カイの訓練を馬場大和に教えて貰いながらしている時、急に若い女性が馬場大和と私の間に入って来た。


「消えてよ! おばさん!」

「おばさん?」

「莉緒! なんで?」

「あんたに言ってるのよ。早く消えてよ! おばさん!」

「莉緒! 止めろ! 僕のお客さんだ。」

「何がお客さんよ。付き合ってるんでしょ!」

「へ?」

「莉緒! 止めてくれ! 違うから!」

「あの……。」

「なんよ。早く消えて! あんたのせいで大和とデート出来なくなったのよっ!」

「?」

「莉緒! 止めてくれ! 今、訓練中なんだ。」

「このおばさんの肩を持つの? 

 私のこと放っておいて……会ってるじゃないのよっ!」

「だから! そんなんじゃない!」

「馬場さん、落ち着いてください。そちらのお嬢さんも……。」

「落ち着いてるわよ! あんたが消えてくれたらいいの!」

「お嬢さん、私は馬場さんと何ら関係ありません。」

「嘘よっ!」

「付き合っていません!」

「嘘、嘘!」

「信じられないのですか? 付き合ってないと言っても……。」

「当たり前でしょう!」

「犬がいるの見えてます?」

「犬?」

「この犬、見てください。うちの子なんです。カイです。

 生後4ヶ月なんです。生後2ヶ月から馬場先生に躾を教えて貰ってます。」

「本当だよ。家に帰ったら契約書を見せられるから……。」

「うそっ! 嘘よっ! そんなの……。」

「馬場さんにお会いするのは訓練の時だけです。

 一度だけ家に来て貰ったのは、この子の去勢手術を教えて貰うためです。

 信じられないのなら、うちの両親に会ってみます?」

「莉緒! ご迷惑なんだよ。橋本さんに………。
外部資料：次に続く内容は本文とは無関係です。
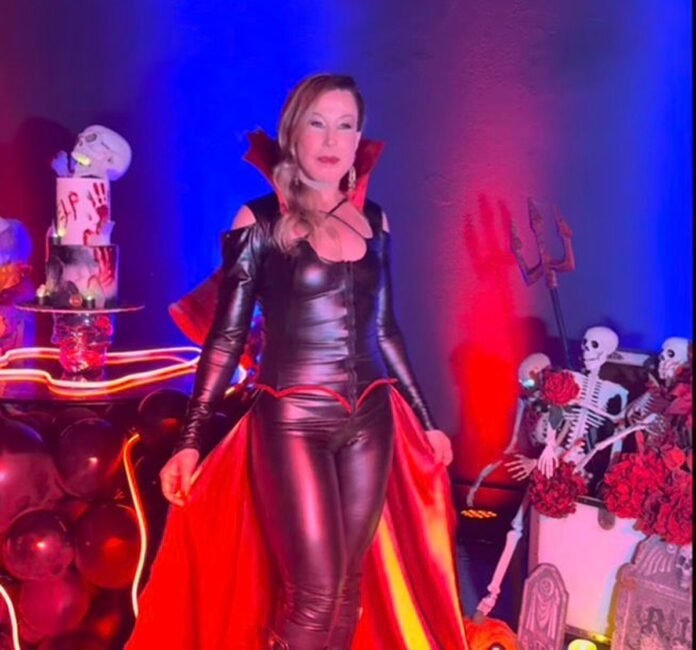 Aos 66 anos, a ex-mulher de Zezé Di Camargo se vestiu de Vampira sexy”, usando um roupa de couro justa e decotada.

」

「兎に角、馬場さんのお宅に行かれて契約書を見られたら如何ですか?

 それをご覧になってから、うちの両親に会われたら良いのでは?」

「莉緒、兎に角、僕の家に今から行くよ。いいね。」

「そうして差し上げてください。そして落ち着いて頂ければいいと思います。」

「すみません。橋本さん。」

「いいえ。では、私は帰ります。」

「待ってよ。大和のこと」

「好きじゃないです。私が好きな人は友田悠という人ですから!」

「ともだ ゆう……。」

「さようなら。」

「橋本さん、申し訳ございません。」

「兎に角、誤解を解いてくださいね。」

「はい。」


⦅なぁ~にが、おばさんだっ!⦆

「帰ろうね。カイ。」


とんだ修羅場になって嫌になる。

それにしても、若いって凄い!と変な関心をして家路に就いた。